Retail is more art than science, so there's constant experimentation in marketing, merchandising and sales technique to hit your number. It's not just sales either, it's about building community, a noble effort in itself, but one that has a direct effect on the bottom line. It's a fantastically fun "game," with higher stakes the farther along you go. Still, it wouldn't be a worthwhile personal goal if I didn't also enjoy games. Owning a game store is a wickedly complex, economic low bar for anyone without a personal interest. That personal interest bloomed for me in 2009.
2009 was the year I became a full, cross genre gamer. In the past I was a role-player who dabbled in other areas; a necessary evil for running a game store. 2009 was different. How do I know this? I've got gamer dissatisfaction. This is when you've got a baseline unhappiness because you simply don't have time to play everything you want to play. I give myself an evening a week for gaming. The first half of the year was spent playing D&D, the second half was Warhammer 40K, with the end of the year spent cramming for board game season. I want to play them all, all the time, but time is limited with both a family and a business.

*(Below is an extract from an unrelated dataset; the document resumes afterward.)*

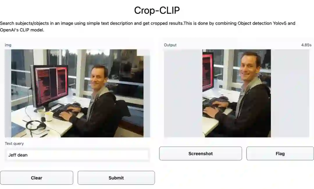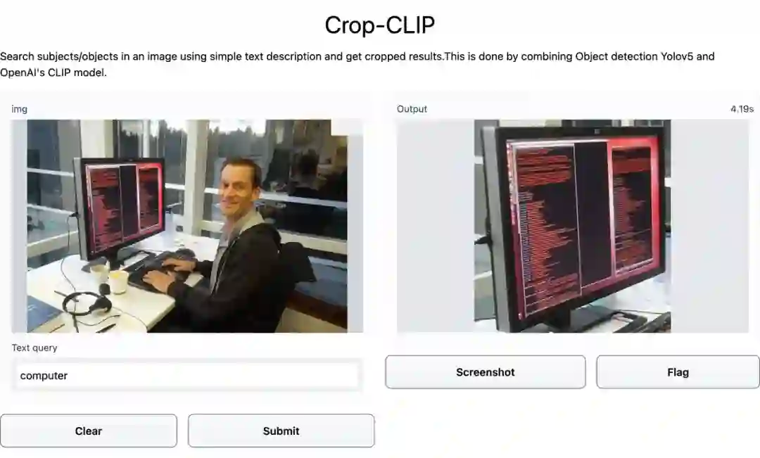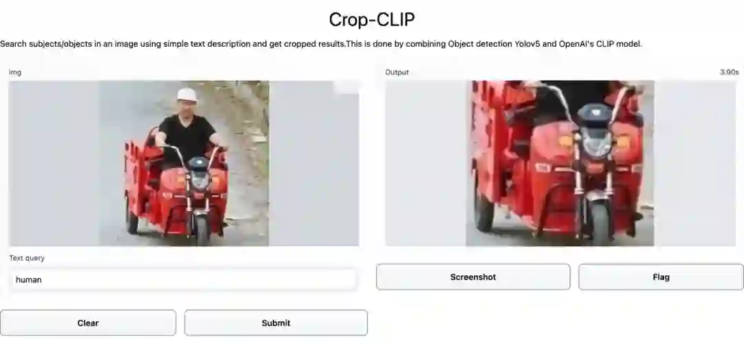 和目标检测器 YOLOv5 相结合之后,CLIP 在语义搜索图像的基础上增加了裁剪能力,变身 Crop-CLIP。

This is the first year I can say that. 40K started as a desire to understand a top game, but before I knew it, I was researching camo schemes and salivating over Forge World catalogs. I would brag about my 4,000+ points of fully painted Imperial Guard, but a more veteran gamer would just point out it's only my first army.
My lust for Dungeons and Dragons has since given way to Warhammer Fantasy Roleplay, as player dissatisfaction with fourth edition has grounded my campaign. I'll be running a campaign for WFRP in a couple weeks, with lots of studying left to do.
Board games started as "career development," a necessity for selling the 900 games we stock. It's probably still my weakest link. My friend Jay's observation that a bad D&D session is better than a great board gaming session probably holds true for me, but man, could I go for a game of Steam or Finca about now. This gamer lust almost feels like a betrayal of my long term mistress, Dungeons & Dragons. I feel like I'm on shifting ground here when it comes to my hobby.
A second part of gamer dissatisfaction is a comparative matrix that you judge games against where they often come up short. Games usually come up short because they lack the external stimulus that made a game memorable, like the first time a game tickled your brain the right way (Tikal), or memories of good times with friends (D&D and even Risk). Then there are the stories, like when Dave the Thief was turned to stone by a talking basilisk as it emerged from the fog. Famous last words: "Basilisks don't ta---." You just can't seem to get those feelings back in newer games.
The best you can do is create new experiences that you'll recall in the future, like playing Cookin Cookies with my four year old, Rocco, on our kitchen floor. I still fondly recall the games of Metro we played at the old store, while running back and forth to the counter as I ran the store simultaneously. I hope to create a bunch of new gaming memories with friends and family in 2010, time permitting.
"Basilisks don't ta--."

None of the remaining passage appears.